Aim of the exercise
From the material below, return exactly the lines starting at the one that holds "Mechanical Push Button" and ending at the one that holds "De acordo com". Pictures stay out of the answer.

Dataset extract
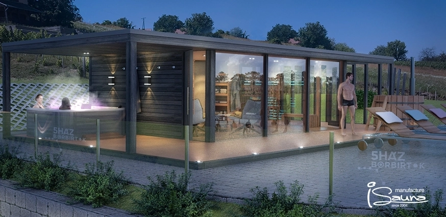 A kombinált szaunaház egy minden igényt kielégítő építmény. Megtalálható benne az infraszauna, finn szauna, gőz szauna és a himalája sóterápia.
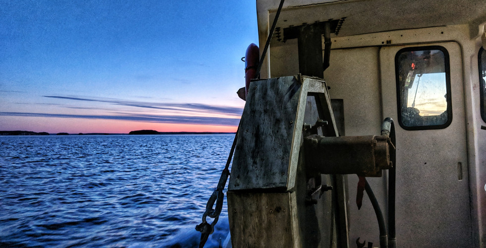 I see a light from the Joshua & Jacob steaming towards shore against a blanket of predawn light. I climb aboard the 42 ft vessel from the tall Little John Dock: up and around the wheelhouse, over the narrow side, and down onto the deck of the boat.
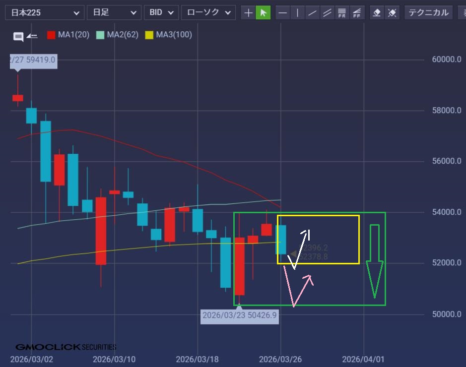 朝1は黄レンジ下限から反発あるかどうかをチェックス(白)。
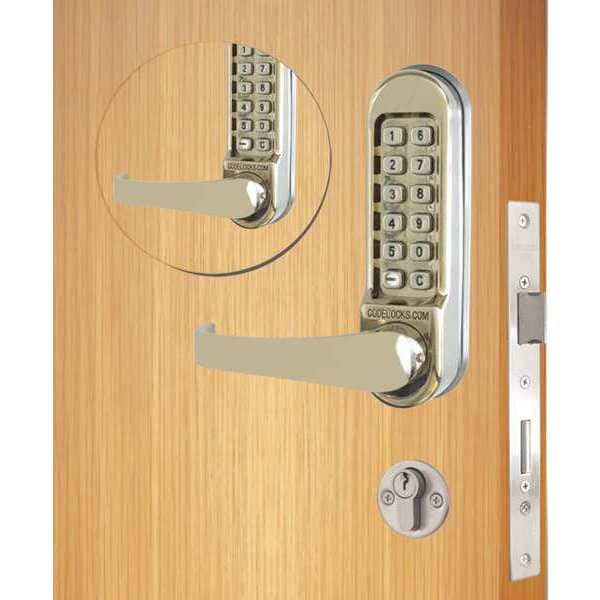 Mechanical Push Button Lockset, Handle Type Lever, Function Entry, Key Override Options None, Hand Nonhanded, Finish Stainless Steel, Door Thickness 1-3/8 in to 2-1/2 in, Keypad 11 Button, Vandal Resistant, Backset 2 3/4 in, ADA Compliant Yes, No Fire Rated, Case Material Zinc, Series CL500, Latch Length 2 3/4 in, Max. User Codes 1, Standards ANSI Grade 1, Weather Resistant Yes, Includes Code Change Plug, Lock, Mortise Lock with Code Free Function Back to Back, Template, Mechanical
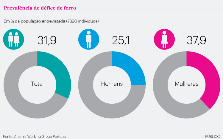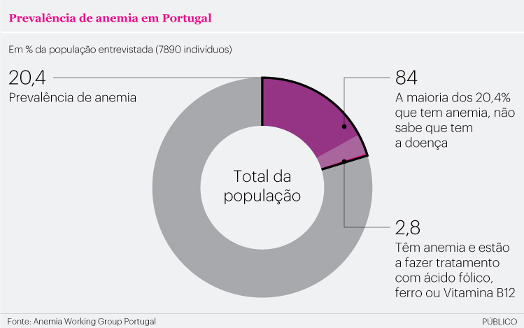 De acordo com os dados de uma notícia publicada no jornal Público (vide www.publico.pt/n1692501), cerca de 1/5 da população portuguesa (20%) apresenta anemia, constituindo um número superior ao que se supunha, podendo esta situação ainda piorar. Acresce o facto, da maioria da pessoas desconhecer possuir esta situação clínica. Um terço da população apresenta carência de ferro, o que é uma das principais causas da anemia.
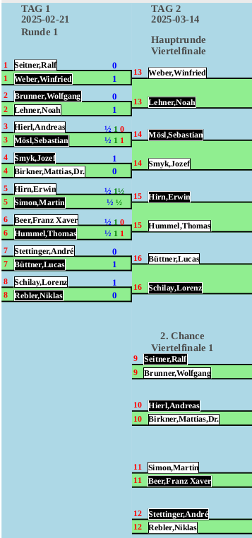 Bei der Bayerischen U25 Meisterschaft gab es erstmals eine Live-Übertragung der ersten vier Bretter und auch der Modus mit 15 Minuten + 5 Sekunden war eine Premiere. Die Setzliste führte Viktor Ratushnyi (SW Nürnberg Süd) vor Philipp Mark (SC Windischeschenbach) und dem Titelträger von 2023 Lorenz Gauchel (FC Bayern München) an. Doch nach einer erfolgreichen Auftaktrunde, mussten alle Drei schon in der zweiten Partie Federn lassen. Lorenz spielte gegen Arthur Ratushnyi (SW Nürnberg Süd) remis, während Viktor gegen Johannes Denz (SC Windischeschenbach) und Philipp gegen Lokalmatador Andres Hierl eine Niederlage quittieren mussten. Johannes bezwang danach auch die Vorjahresdritte Verena Gauchel (FC Bayern München) und übernahm die alleinige Führung, da Andreas gegen Arthur remisierte. In der vierten Rudne erwischte es dann auch Johannes, der gegen Lorenz den Kürzeren zog. Letzterer lag nun an der Spitze, wohingegen Andreas gegen Felix Partsch (SK Schweinfurt 2000) verlor. Felix hatte aufgrund einer ungeplangten Verzögerung bei der Anreise die erste Runde verpasst, war aber nach drei Siegen nun mittendrin im Titelkampf. Dies unterstrich er mit einem Remis gegen Lorenz, wodurch Johannes mit einem Erfolg über Andreas mit Spitzenreiter Lorenz nach Punkten gleichzog. Viktor gewann gegen Verena und lag einen halben Zähler zurück. In der sechsten Runde trennten sich Lorenz und Viktor unentschieden, so dass Johannes mit einem Sieg über Igor Malakov (SK Neumarkt) das Feld mit einem halben Punkt Vorsprung anführte. Die letzte Runde sah einen Sieg von Felix gegen Johannes und auch Lorenz gewann seine Partie gegen Noa Chanishvili (SC Noris Tarrasch Nürnberg), der auch in der U10 hätte spielen können. Damit gelang Felix das Kunststück sich den Titel trotz des verspäteten Einstiegs zur zweiten Runde mit 5,5 Punkten dank der besseren Buchholz vor Lorenz zu sichern. Rang drei belegte Johannes mit 5 Zählern vor Viktor (5) und Andreas (4,5). Letzterer behielt zum Abschluss im Vereinsduell gegen Igor die Oberhand, der mit 3,5 Punkten Neunter wurde.
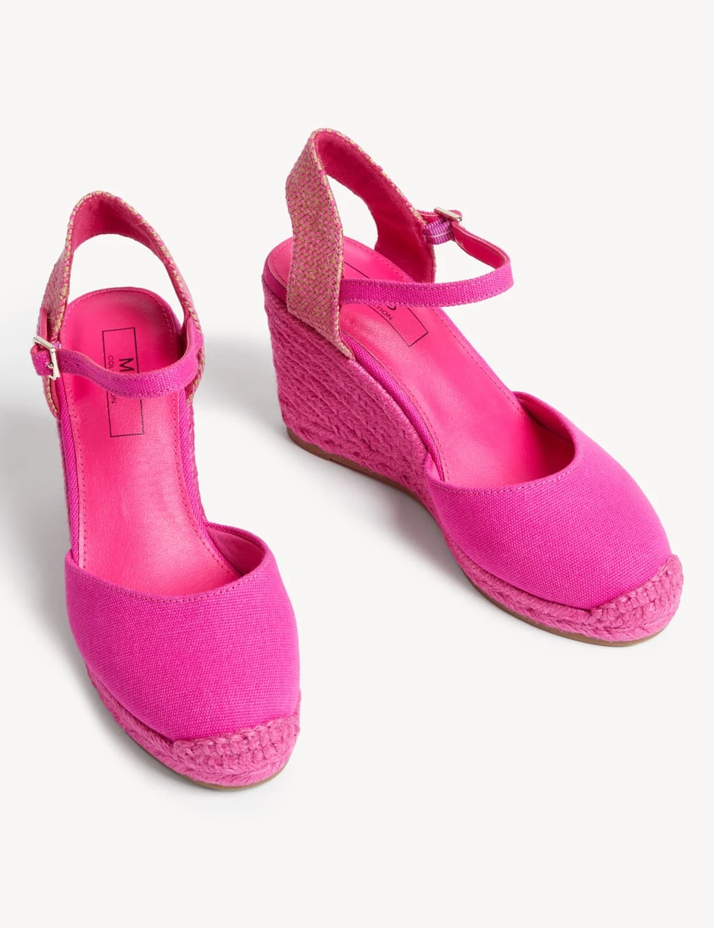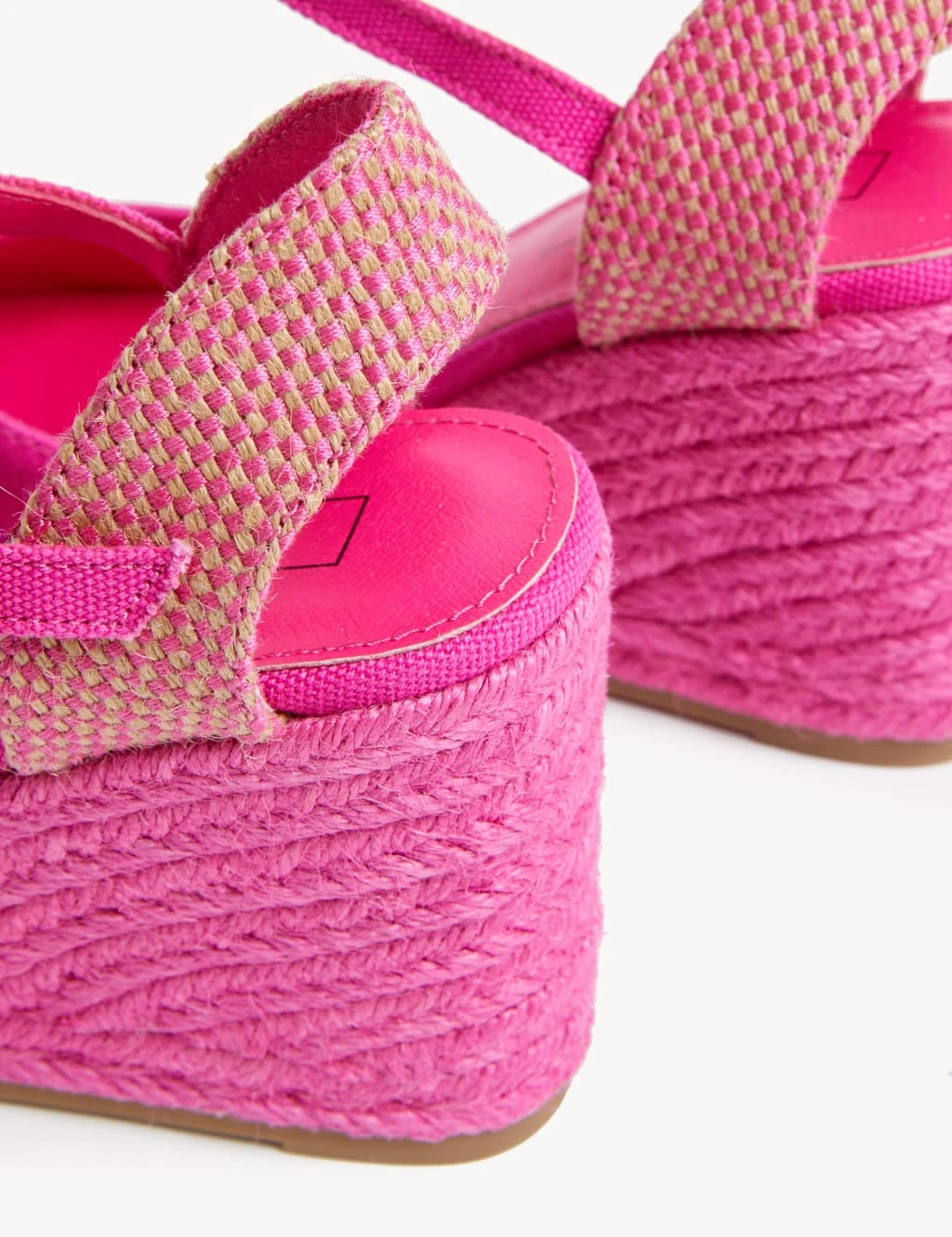 With their bright colour and raffia trims, these espadrille sandals are a playful choice for warmer weather. They’re made with a high-wedged heel and a closed toe design. Buckle-strap fastenings around the ankles add an elegant finishing touch.

Task answer
 Mechanical Push Button Lockset, Handle Type Lever, Function Entry, Key Override Options None, Hand Nonhanded, Finish Stainless Steel, Door Thickness 1-3/8 in to 2-1/2 in, Keypad 11 Button, Vandal Resistant, Backset 2 3/4 in, ADA Compliant Yes, No Fire Rated, Case Material Zinc, Series CL500, Latch Length 2 3/4 in, Max. User Codes 1, Standards ANSI Grade 1, Weather Resistant Yes, Includes Code Change Plug, Lock, Mortise Lock with Code Free Function Back to Back, Template, Mechanical
 De acordo com os dados de uma notícia publicada no jornal Público (vide www.publico.pt/n1692501), cerca de 1/5 da população portuguesa (20%) apresenta anemia, constituindo um número superior ao que se supunha, podendo esta situação ainda piorar. Acresce o facto, da maioria da pessoas desconhecer possuir esta situação clínica. Um terço da população apresenta carência de ferro, o que é uma das principais causas da anemia.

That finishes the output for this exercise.